Egusi Stew
- Level: Intermediate
- Yield: 5 servings
-
- Nutritional Analysis
- Per Serving
- Serving Size
- 1 of 5 servings
- Calories
- 508
- Total Fat
- 43
- Saturated Fat
- 16
- Carbohydrates
- 9
- Dietary Fiber
- 2
- Sugar
- 4
- Protein
- 23
- Cholesterol
- 85
- Sodium
- 661
- Total: 1 hr
- Active: 25 min
Ingredients
4 cloves garlic
2 small red bell peppers, chopped
2 plum tomatoes, chopped
1 small onion, chopped
1 habanero pepper, optional
1/2 cup dried herring (also called bonga fish or bony fish)
1/2 cup red palm oil (see Cook's Note)
2 tablespoons ground dried crayfish or ground dried shrimp
1 teaspoon iru (locust beans), rinsed
1 teaspoon chicken bouillon powder, such as Knorr’s
Kosher salt
1 cup ground egusi
1 cup chicken broth or water
1 pound cooked meat or fish, such as stewing hen, cut into pieces (see Cook's Note)
1 cup finely chopped collard greens
1/2 cup dried uziza leaves, rinsed (see Cook's Note)
Pounded yam, fufu or steamed white rice and sweet plantains, for serving
Directions
- Process the garlic, bell peppers, tomatoes, onion and habanero, if using, in a blender or food processor for 30 seconds.
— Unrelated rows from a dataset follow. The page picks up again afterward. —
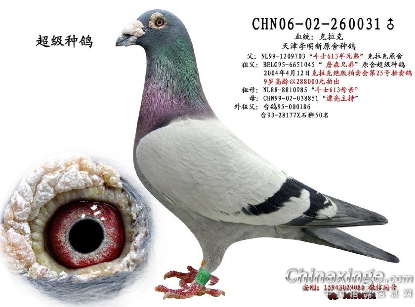 感谢唐山高尔夫鸽业肖建来友情支持 父:CHN05-02-438818 斗士“818”天津李明新作出 祖父:NL99-1209703“斗士613”同父异母弟 B95-6651045詹森配NL88-8810985“斗士613”母亲作出 祖母:台95-000178詹森 95年爱亚卡普16名 母:CHN02-02-261010 外祖父:台93- 28177 外祖母:台95-000178 95年爱亚卡普16名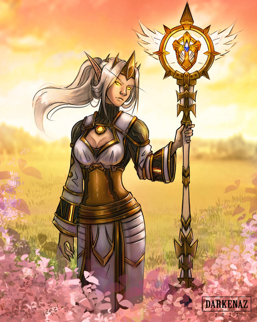 Here is my artwork of Game Character Mep. She is a blood elf Paladin from the World of Warcraft universe. I really like Design of Tier 2 from the Wow Classic, so I decided to dress her that way. I know that in Wow you cannot use a two-handed weapon with a shield, but I decided to borrow this weaponry from the ancient Greek warriors - the Hoplites. They often used Aspis ( Hoplons ) - Heavy Shields and Dory ( Doru ) - Spears.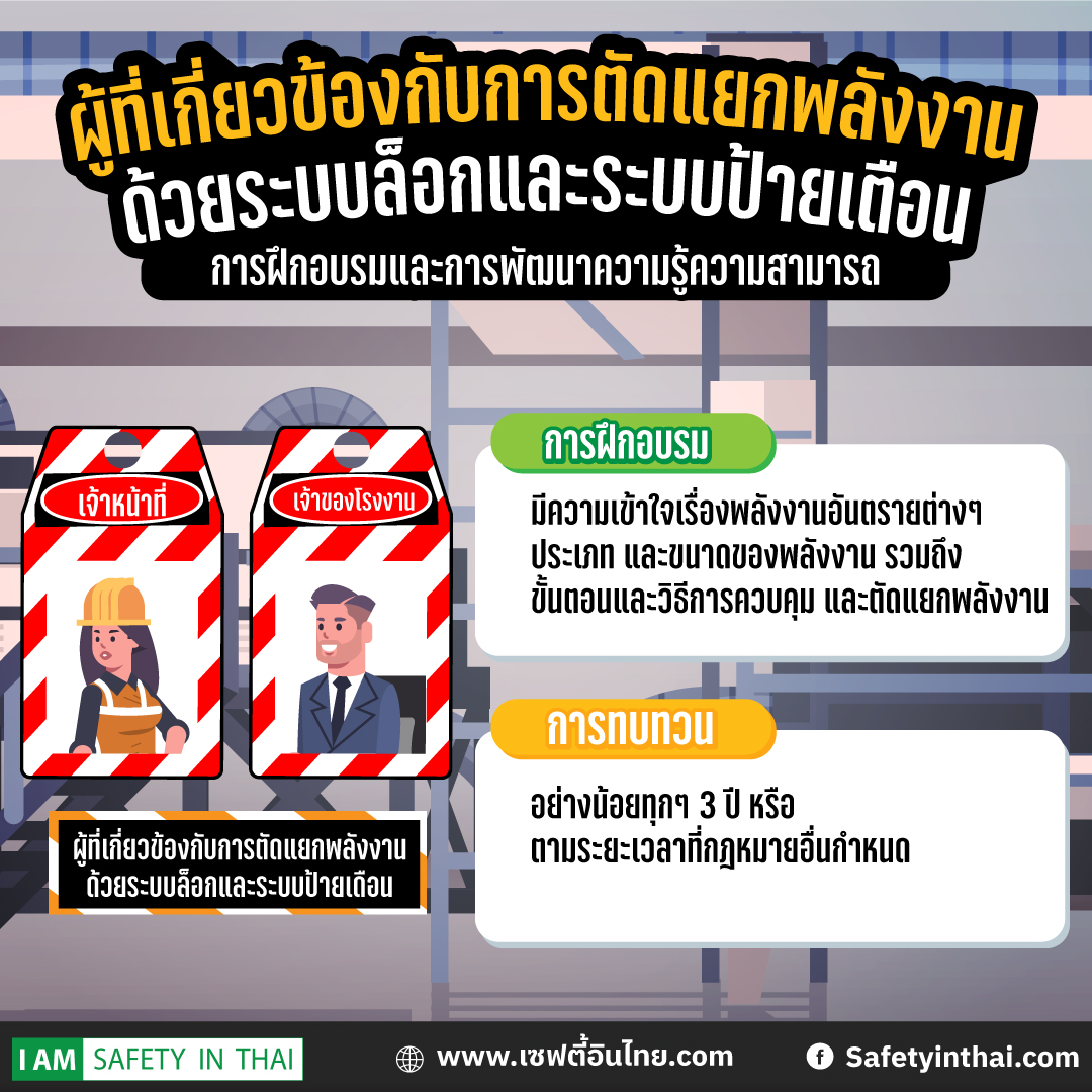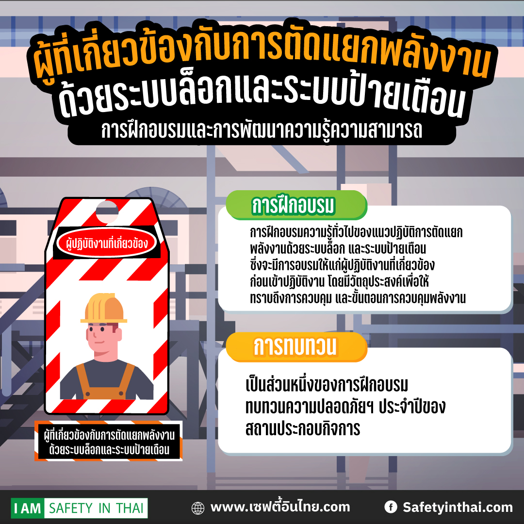 2. ผู้ปฏิบัติงานที่เกี่ยวข้อง | ความรู้ทั่วไปของแนวปฏิบัติการตัดแยกพลังงานด้วยระบบล็อก และระบบป้ายเตือน ซึ่งจะมีการอบรมให้แก่ผู้ปฏิบัติงานที่เกี่ยวข้อง ก่อนเข้าปฏิบัติงาน โดยมีวัตถุประสงค์เพื่อให้ทราบถึงการควบคุม และขั้นตอนการควบคุมพลังงาน | เป็นส่วนหนึ่งของการฝึกอบรมทบทวนความปลอดภัยฯ ประจำปีของสถานประกอบกิจการ |

- Split the dried fish into quarters, remove or peel out the bones (using tweezers if necessary) and discard. Break into bite-size pieces. Set aside.
- Heat the palm oil in a large pot over medium heat. Add the bell pepper mixture and stir to combine. Cover and let simmer until fragrant, about 3 minutes. Add the reserved dried fish, ground crayfish, iru, bouillon powder and 1/2 teaspoon salt. Stir to combine. Cover and let simmer, stirring occasionally, until reduced slightly, about 10 minutes.
- Mix the egusi with 1/3 cup water in a small bowl. Stir to combine until a thick white paste forms.
- Add the chicken broth to the stew and stir. Use a tablespoon to scoop the egusi paste and place dollops of it over the stew. Do not stir. Cover and let the egusi cook until it forms clumps, about 10 minutes. Stir the clumps of egusi and mix them thoroughly into the stew; the stew will have a lumpy white appearance.
- Add the meat to the stew and stir to combine. Allow the stew to simmer until the liquid reduces slightly and the stew starts to thicken, about 5 minutes. Stir in the collard greens and uziza leaves; cover partially with the lid. Simmer over medium-low heat until the collard greens and uziza leaves are tender, about 15 minutes. Serve with pounded yam, fufu or steamed white rice and sweet plantains.
Cook’s Note
This stew can be made with your choice of meat. I prefer what my community and I call African chicken or hard chicken, also known as stewing hen (a retired egg layer). The chicken or any other meat must be cooked before adding to the stew. On a stovetop, stewing hen cooks longer (1 1/2 hours) than regular chicken because of its toughness. I save time by cooking this type of hen in my Instant Pot® with 2 cups water and a good pinch of salt for about 25 minutes under high pressure. Natural release. Many of the ingredients can be found at international or African grocery stores and online. Red palm oil is made from the fruit of the African oil palm (both the seeds and the flesh). It is less refined than bleached palm oil. If you cannot find red palm oil, you can use vegetable oil or canola oil.